HOOSE, or Hoylake, a village, a township, and a chapelry in West Kirby parish, Cheshire. The village stands on the coast, near the mouth of the Dee estuary, 7½ miles W by N of Birkenhead; is now a favourite watering place; has a post office, ‡ of the name of Hoylake, under Birkenhead; is connected with Birkenhead by a railway, completed in 1866; and has a race-course on which races are run, in May and Sept., by the Liverpool hunt. The railway to it commences on the Mersey at Seacombe ferry; passes near the N side of the Birkenhead docks; proceeds through Poolton village to Bidston; is joined there by a branch from the Wallasey-Bridgeroad in Birkenhead; proceeds, by way of Moreton, Saughall-Massey and Great Meols, to Hoylake; and was authorised, in 1865, to be extended 4¾ miles to New Brighton, and in 1866, to be extended 8¼ miles to Parkgate. A roadstead, called Hoylake, originally Hoyle-Lake, is opposite the village; serves for vessels waiting a night or a tide, to go through the Rock channel to Liverpool, or up the Dee to Chester; has anchorage in from 3 to 5 fathoms; is considerably sheltered, along the outer side, by a shoal, called the Hoyle Sands, 4 miles long and 3 miles wide; and has two dioptric fixed lights, erected in 1865 in place of old ones, 71 and 47 feet high, put up in 1763. -The township comprises 230 acres of land, and 2, 140 of water. Real property, £1, 431. Pop., 664. Houses, 136.—The chapelry was constituted in 1860; and is larger than the township.
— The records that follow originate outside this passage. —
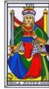
Rel 3 | 12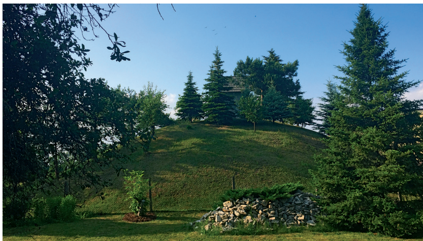
Fot. 1. Widok kopca w Bieruniu.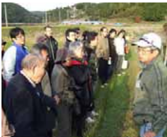
手づくりイベント(雪浦ウィーク)

この4つの方針のもと、各活動団体の一体感を高め、ルート沿いの美しい風景づくりや生き生きとした地域づくりを具体化し、それぞれの活動が連携していくことで、地域全体の魅力がさらに増していくと考えています。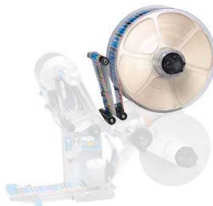
Motorizovaná odvíjení Ø kotouče 300/400 mm Šíře etiket 80/160/240/320 mm Rychlost do 80 m/min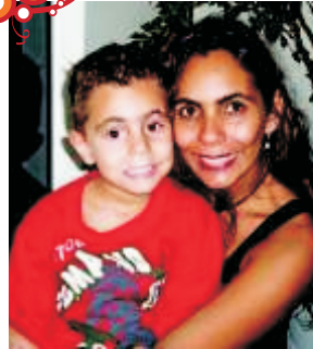
Kamila Depto de Educação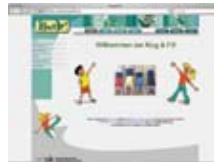
Pokret i sport www.bewegung.ac.at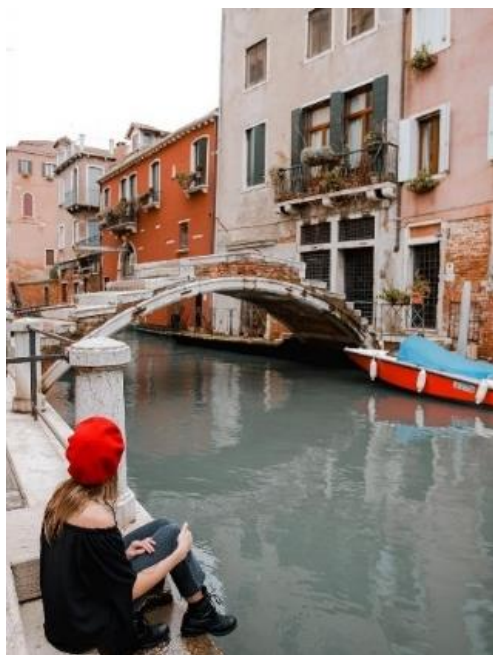
Obrázek 20: B6 a benátské mosty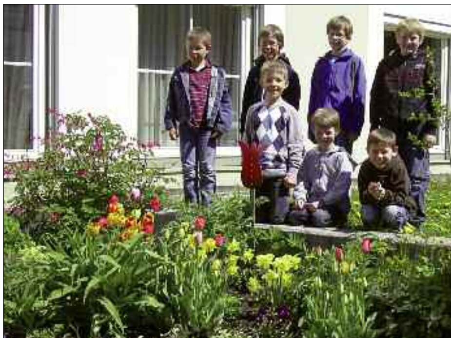
Die Betreuung des Schulgartens macht Freude

- Das Lernen hat nicht immer Spaß gemacht!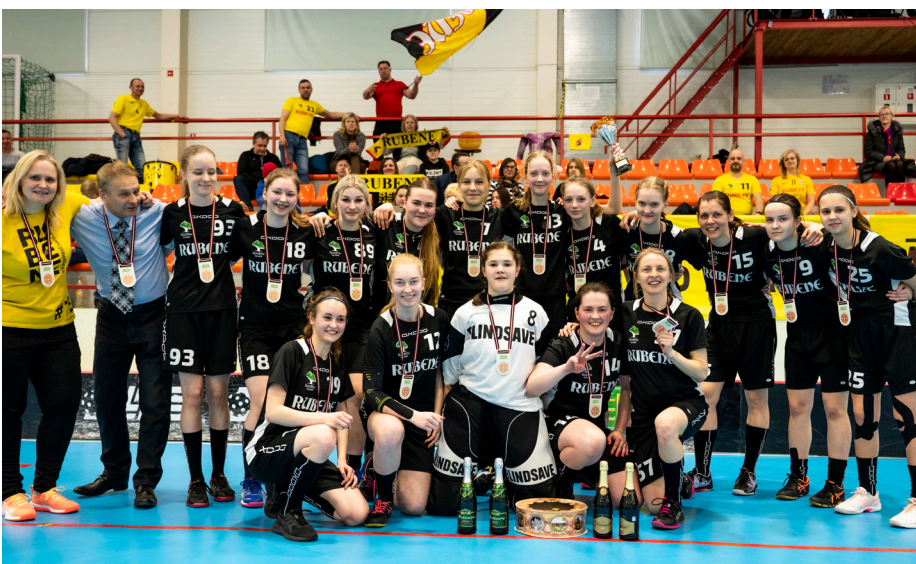
Latvijas čempionāta florbolā ELVI līgas sievietēm bronzas medaļnieces - komanda "Rubene-1"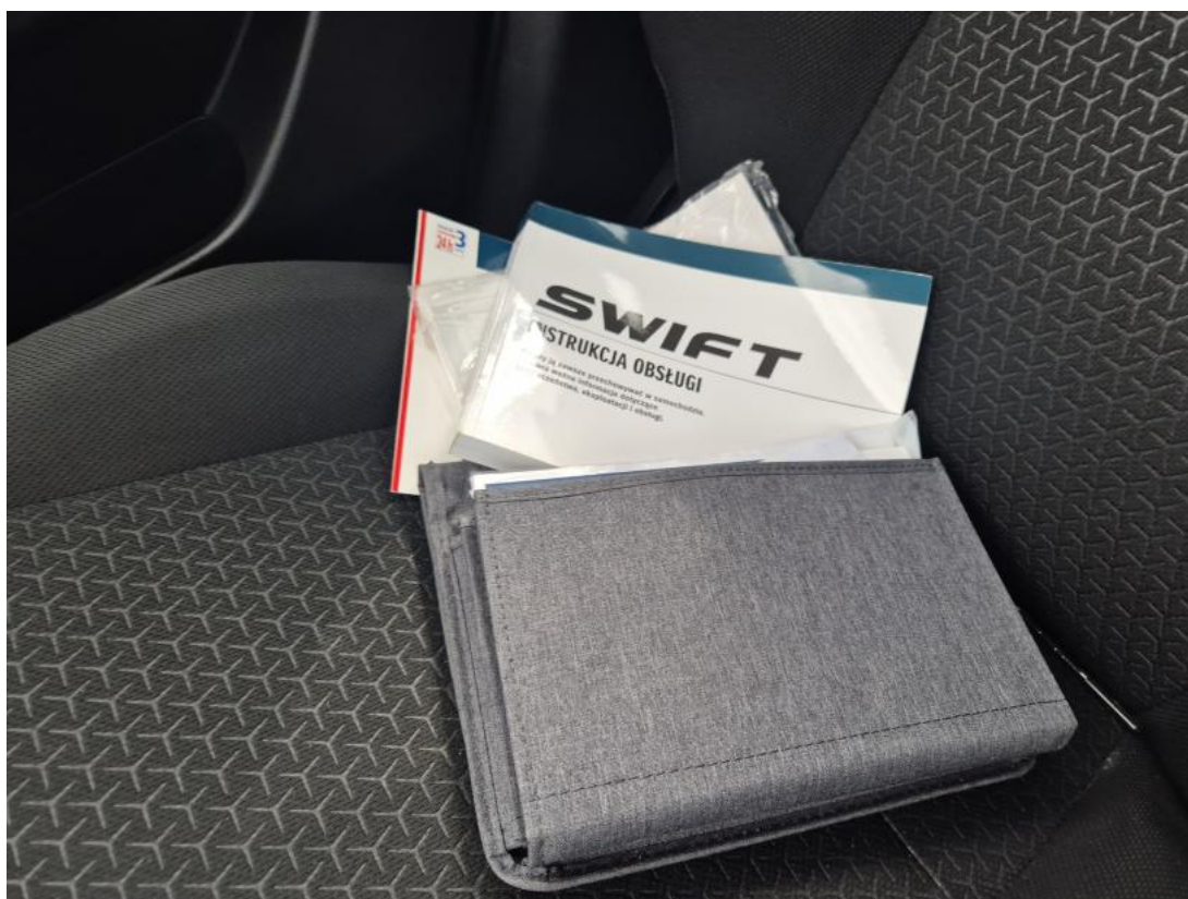
Fot. 30 Instrukcje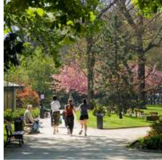
Parc Roger Salengro à 13 min* à pied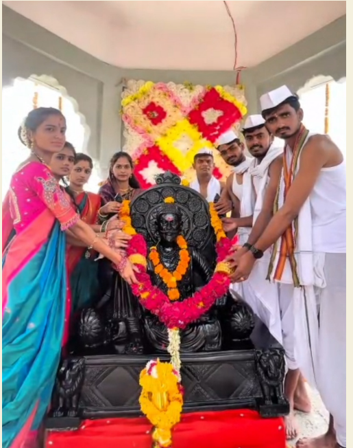
छत्रपती शिवाजी महाराज यांच्या पुतळ्याचे अनावरण सोहळा संपन्न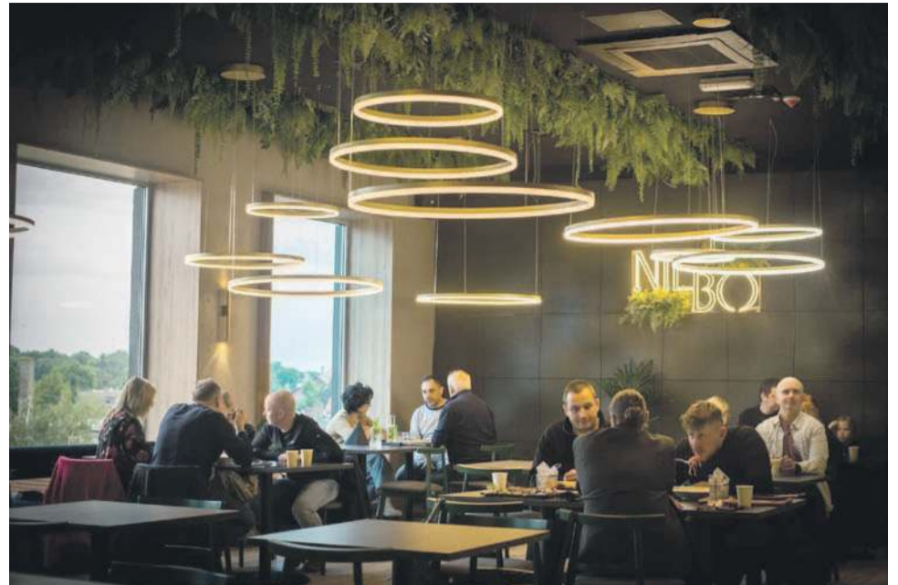
Nowa restauracja „Niebo”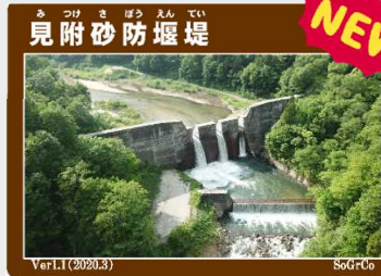
【見附砂防堰堤】 （大井沢温泉湯ったり館）

Pop., 1, 017. Houses, 202. The living is a p. curacy in the diocese of Chester. Value, £150. Patron, the Bishop of Chester.


(John Marius Wilson, Imperial Gazetteer of England and Wales (1870-72))

Linked entities:
Feature Description: "a village, a township, and a chapelry"   (ADL Feature Type: "populated places")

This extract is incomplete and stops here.